Dr. Gibson is presently a Scientist 3 at the High Altitude Observatory (HAO) in Boulder, Colorado. Her primary interest is in the magnetic structure and dynamic evolution of coronal mass ejections (CMEs), and she uses theoretical CME models to explain a wide variety of space and ground-based observations of CMEs from pre-eruption, through initiation and eruption, to their post-eruption state. A particular focus is observations and models of coronal prominence cavities, which represent dynamic equilibrium states that store magnetic energy, and Dr. Gibson leads an ISSI international working group to study coronal cavities. Dr. Gibson is also a leader of the Whole Sun Month and Whole Heliosphere Interval international coordinated observing and modeling efforts to characterize the 3-dimensional, interconnected solar-heliospheric-planetary system.

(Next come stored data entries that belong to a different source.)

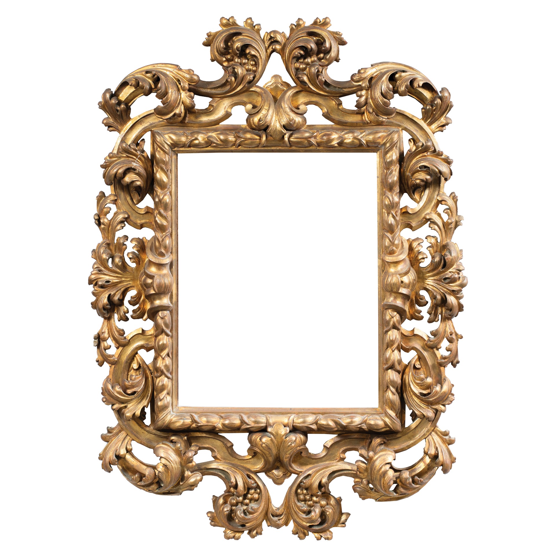 Large Baroque-style frame in carved and gilded wood. Bologna, late 19th century.
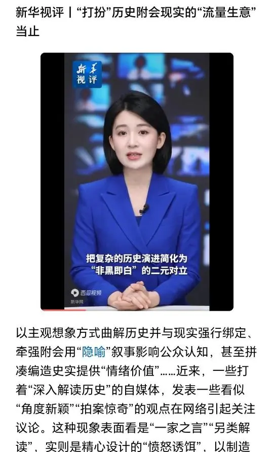 剛剛新華社發(fā)表評(píng)論,直指某些歷史博主的新華“隱喻”敘事和“另類解讀”,某瓜應(yīng)該涼涼了。社對(duì)
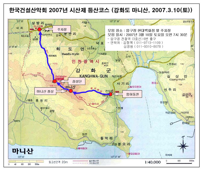 | 안녕하십니까? 3월 7일 현지 답사결과 시산제 등산코스를 변경하는 것이 좋을 것이라 결정하여 이를 공지해 드립니다. 세부일정은 달라졌지만, 모임 시각과 모임 장소, 서울 출발시각과 도착시각에는 변동이 없음을 알려드립니다. 한국건설산악회 2007년 시산제 계획(3월 7일 수정) 1. 일시 : 2007. 3. 10 (토) 2. 장소: 강화도 마니산(469m) 3. 모이는 시간 : 오전 7시 30분 모이는 장소 : 압구정동 현대백화점 옆 주차장 (지하철 3호선 압구정역 6번 출구) 4. 변경된 일정 08:00 : 서울 출발 09:30 : 함허동천 도착 09:30 ~ 12:30 : 마니산 등산 12:30 : 마니산 국민관광단지 도착 12:30 ~ 13:00 : 시산제 13:00 ~ 15:30 : 점심식사 15:30 : 마니산 출발 18:00 : 서울 도착 5. 변경된 산행코스 ![]() |
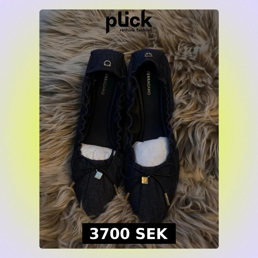 Snygga mörkblå ballerinaskor från Ferragamo i denimliknande material. Skorna har rundad tå, dekorativ rosett framtill med guldfärgade detaljer och diskret logga på hälen. Perfekta för dig som gillar en stilren och trendig look. Ej använda & inköpta för ca 5000-7000 kr.

Dr. Gibson was the recipient of the AAS-SPD 2005 Karen Harvey Prize. She is a Scientific Editor for the Astrophysical Journal and serves on the Heliophysics Subcommittee of the NASA Advisory Council, on the AURA Solar Observatory Council and as a member of the ATST Science Working Group, and has in the past been a committee member on the National Research Council Committee on Solar and Space Physics, and on the Solar Physics Division Committee. She is also commited to educational outreach, in particular when aimed to inspire girls to enter the physical sciences: she has given solar physics presentations to grades K-12 science classes, mentored Girl Scouts pursuing a science merit badge, presented at the America n Association of University Women's Expanding your Horizon conference, and is involved with the nationwide interactive internet Solar Week for Girls. She has also written an article on the Sun for the encyclopedia Space Science for Students.

Dr. Gibson's jobs prior to her arrival at HAO included a one year visit to Cambridge University in England as a NATO/NSF post-doctoral fellow, and nearly four years at NASA Goddard Space Flight Center - first as an National Research Council (NRC) associate, and then as a Research Assistant Professor at The Catholic University of America. As a graduate student in Astrophysics at the University of Colorado, Boulder (M.S. 1993, Ph.D., 1995), Dr. Gibson received a NASA Graduate Student Research Program (GSRP) Fellowship. As an undergraduate, Dr. Gibson was a National Merit scholar at Stanford University, and graduated with a degree in Physics (B.S. 1989, with departmental honors).

Dr. Gibson is an author on 39 papers published between 1995 and the present.